# NOTE:

1. Please implement the TFIDf function such that for each word in a sentence, its corresponding tfidf value is assigned. Thus a 4 x 6 sized matrix should be returned where the rows represent sentences and the columns represent words. We wish to keep it simple in the beginning.

2. In reality the TFIDF function should return a matrix where the rows represent sentences and the columns represent words (ie: Features). Every sentence vector in this matrix will be 'd' dimensional, where d = number of unique words in the corpus (ie: Vocabulary).
Every position/cell in a sentence vector correponds to a particular word in the vocabulary. If the word is not present in the current sentence, we assign a value of 0 to that cell, else we assign the TFIDF value.

# **Implement TF-IDF from scratch**

In this assignment, you will implement TF-IDF vectorization of text from scratch using only Python and inbuilt data structures. You will then verify the correctness of the your implementation using a "grader" function/cell (provided by us) which will match your implmentation.

The grader fucntion would help you validate the correctness of your code. 

Please submit the final Colab notebook in the classroom ONLY after you have verified your code using the grader function/cell.

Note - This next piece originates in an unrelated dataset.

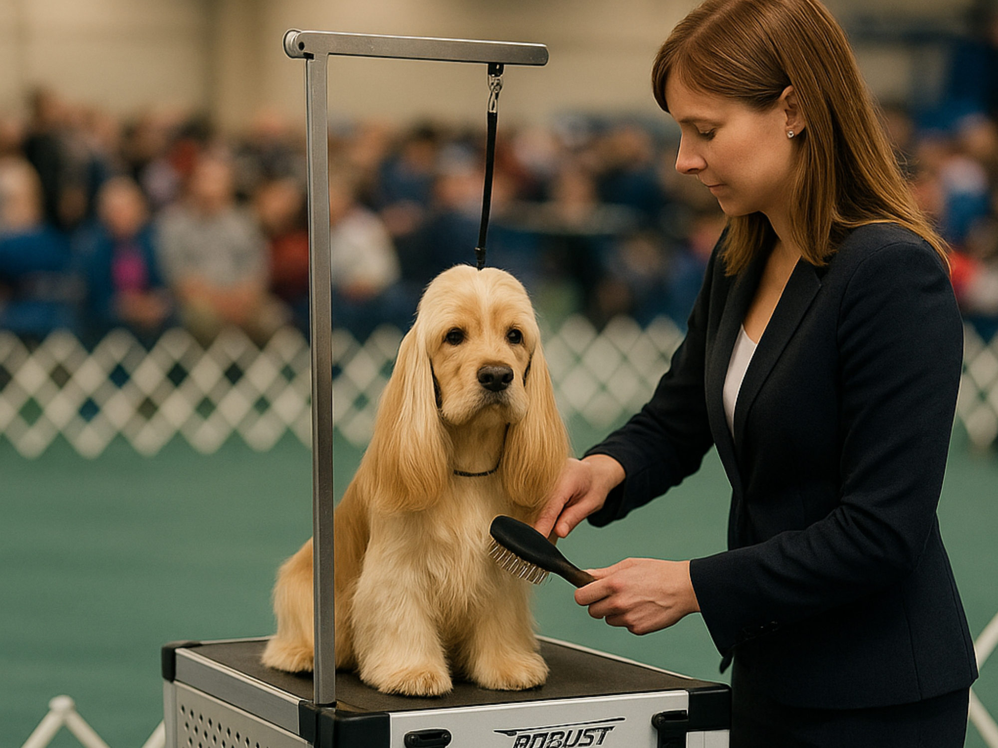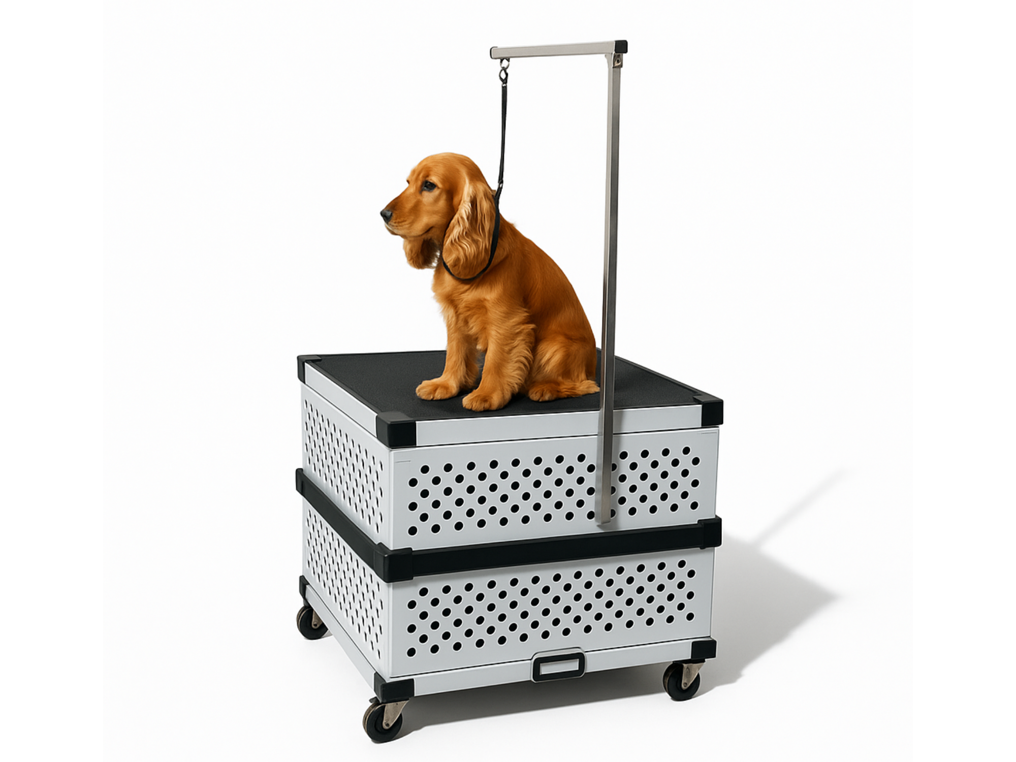 Su función es sujetar al perro de forma segura y cómoda, manteniéndolo quieto para facilitar tareas como el cepillado, el corte de pelo o el secado.

**(FAQ) Why bother about implementing a function to compute TF-IDF when it is already available in major libraries?**

Ans.
1. It helps you improve your coding proficiency.
2. It helps you obtain a deeper understanding of the concepts and how it works internally. Knowledge of the internals will also help you debug problems better.
3. A lot of product based startups and companies do focus on this in thier interviews to gauge your depth and clarity of understanding along with your programming skills. Hence, most top universities have implementations of some ML algorithms/concepts as mandatory assignments.

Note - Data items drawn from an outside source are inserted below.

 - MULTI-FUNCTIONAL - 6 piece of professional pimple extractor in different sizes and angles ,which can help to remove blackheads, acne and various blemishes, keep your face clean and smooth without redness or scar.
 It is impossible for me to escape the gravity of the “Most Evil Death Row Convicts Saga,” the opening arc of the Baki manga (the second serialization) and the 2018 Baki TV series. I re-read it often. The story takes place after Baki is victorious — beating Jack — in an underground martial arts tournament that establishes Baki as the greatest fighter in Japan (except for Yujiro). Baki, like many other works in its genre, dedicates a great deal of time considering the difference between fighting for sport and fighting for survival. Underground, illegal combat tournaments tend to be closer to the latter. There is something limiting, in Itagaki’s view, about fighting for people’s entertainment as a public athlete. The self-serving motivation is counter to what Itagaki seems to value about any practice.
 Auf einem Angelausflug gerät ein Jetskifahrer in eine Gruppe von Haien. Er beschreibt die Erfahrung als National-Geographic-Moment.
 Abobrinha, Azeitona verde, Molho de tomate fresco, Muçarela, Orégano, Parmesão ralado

**NOTE: DO NOT change the "grader" functions or code snippets written by us.Please add your code in the suggested locations.**

Ethics Code:
1. You are welcome to read up online resources to implement the code. 
2. You can also discuss with your classmates on the implmentation over Slack.
3. But, the code you wirte and submit should be yours ONLY. Your code will be compared against other stduents' code and online code snippets to check for plagiarism. If your code is found to be plagiarised, you will be awarded zero-marks for all assignments, which have a 10% wieghtage in the final marks for this course.

In [1]:
# Corpus to be used for this assignment

corpus = [
     'this is the first document mostly',
     'this document is the second document',
     'and this is the third one',
     'is this the first document here',
]

In [2]:
import numpy as np
def computeTFIDF (corpus):
  """Given a list of sentences as "corpus", return the TF-IDF vectors for all the 
  sentences in the corpus as a numpy 2D matrix. 
  
  Each row of the 2D matrix must correspond to one sentence 
  and each column corresponds to a word in the text corpus. 
  
  Please order the rows in the same order as the 
  sentences in the input "corpus". 
    
  Ignore puncutation symbols like comma, fullstop, 
  exclamation, question-mark etc from the input corpus.
  
  For e.g, If the corpus contains sentences with these 
  9 distinct words, ['and', 'document', 'first', 'is', 'one', 'second', 'the', 'third', 'this'], 
  then the first column of the 2D matrix will correpsond to word "and", the second column will 
  correspond to column "document" and so on. 
  
  Write this function using only basic Python code, inbuilt Data Structures and  NumPy ONLY.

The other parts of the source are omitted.